Latin drug trade
Latin drug trade
Too many nations have made the mistake of underestimating the nature of the threat posed by illegal drug cultivation, production, trafficking, and consumption. Governments that have tolerated the cultivation of coca or opium poppies have seen deforestation and distortion of the agricultural sector. Nations where drugs have yielded are produced or trafficked have seen their financial sectors and political institutions wracked by economic distortion and corruption. Consuming countries have witnessed addiction and its terrible criminal, health, and social consequences. No nation is immune from this transnational threat. Nor can any nation stand up to the problem unilaterally. Bilateral and multilateral responses to this international cancer encouraging results, particularly in the Western Hemisphere. The United Nations, through the activities of its International Drug Control Programme, the actions of its International Narcotics Control Board, and the upcoming General Assembly's Special Session on Drugs, is a key component of the global response to this common threat.

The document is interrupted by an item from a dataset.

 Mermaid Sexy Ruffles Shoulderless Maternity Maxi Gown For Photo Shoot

1997 was a good year for international drug-control efforts, particularly in the Western Hemisphere. Appreciable gains were made in crop reduction, in interdiction, in weakening trafficking syndicates, strengthening law enforcement, and in targeting drug money laundering. The year's best news came from Peru, for years the world's largest coca growing country. Three-plus years of joint efforts by U.S., Peruvian, and Colombian forces to choke off the "air bridge" that carries Peruvian cocaine base to Colombia for processing paid off handsomely. The operation simultaneously deprived Colombian trafficking organizations of critical basic materials and drove down the price of coca leaf in Peru below the break-even point. Disillusioned Peruvian growers abandoned fields to take advantage of alternative development opportunities. As a result of the exodus, in 1997 Peruvian coca cultivation dropped 27 percent, an extraordinary decline that occurred on top of last year's 18 percent reduction (1. Security Problems in Latin America).

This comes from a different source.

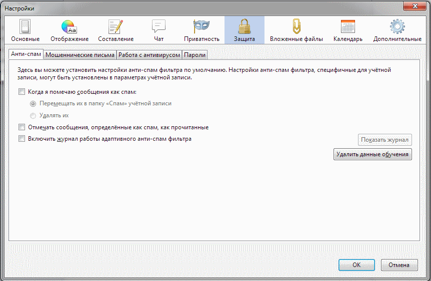 - Для антиспама. Удалять или перемещать спам в соответствующую папку, отмечать как прочитанные. Предусмотрен адаптивный обучающийся фильтр, сортирующий последующую корреспонденцию на основании действий пользователя.

The U.S. estimates that Peru now cultivates 68,800 hectares of coca, just slightly more than half of the estimated 129,100 hectares identified in the peak year of 1992. Bolivia's 1997 coca crop was also the smallest in ten years; a result of its government's determination to confront the drug trade. (1. Security Problems in Latin America). Colombia was a different story, since successful coca control operations also spurred new planting. Colombian traffickers accelerated their campaign to plant new coca outside the traditional growing areas, both to offset heavy losses from government eradication missions and to replace cocaine supplies cut off by the "air bridge" denial.

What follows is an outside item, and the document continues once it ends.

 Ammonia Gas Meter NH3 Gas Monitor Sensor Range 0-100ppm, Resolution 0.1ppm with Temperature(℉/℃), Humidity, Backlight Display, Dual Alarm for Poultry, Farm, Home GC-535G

The global community faces a different set of challenges in trying to limit the cultivation of opium poppy, the source of heroin. This heavily addictive drug is gradually staging a comeback among a new generation of users in the United States and elsewhere. Unlike coca, which currently grows in only three Andean countries, opium poppy grows in nearly every region of the world. Because it is an annual crop with as many as three harvests per year, it is much harder to eliminate, Though we can...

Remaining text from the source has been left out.